# INFORMATION PROVIDED:

+++

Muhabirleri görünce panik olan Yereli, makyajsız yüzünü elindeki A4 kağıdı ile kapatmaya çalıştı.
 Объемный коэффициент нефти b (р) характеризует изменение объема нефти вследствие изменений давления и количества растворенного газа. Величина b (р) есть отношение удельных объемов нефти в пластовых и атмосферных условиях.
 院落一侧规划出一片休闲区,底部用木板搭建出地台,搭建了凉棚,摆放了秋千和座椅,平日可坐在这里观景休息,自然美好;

+++

# WORK REQUIRED:
Beginning with the line that holds "Объемный коэффициент нефти", restate word for word every line down to the end of the data, and only those lines.

# RESULT:
 Объемный коэффициент нефти b (р) характеризует изменение объема нефти вследствие изменений давления и количества растворенного газа. Величина b (р) есть отношение удельных объемов нефти в пластовых и атмосферных условиях.
 院落一侧规划出一片休闲区,底部用木板搭建出地台,搭建了凉棚,摆放了秋千和座椅,平日可坐在这里观景休息,自然美好;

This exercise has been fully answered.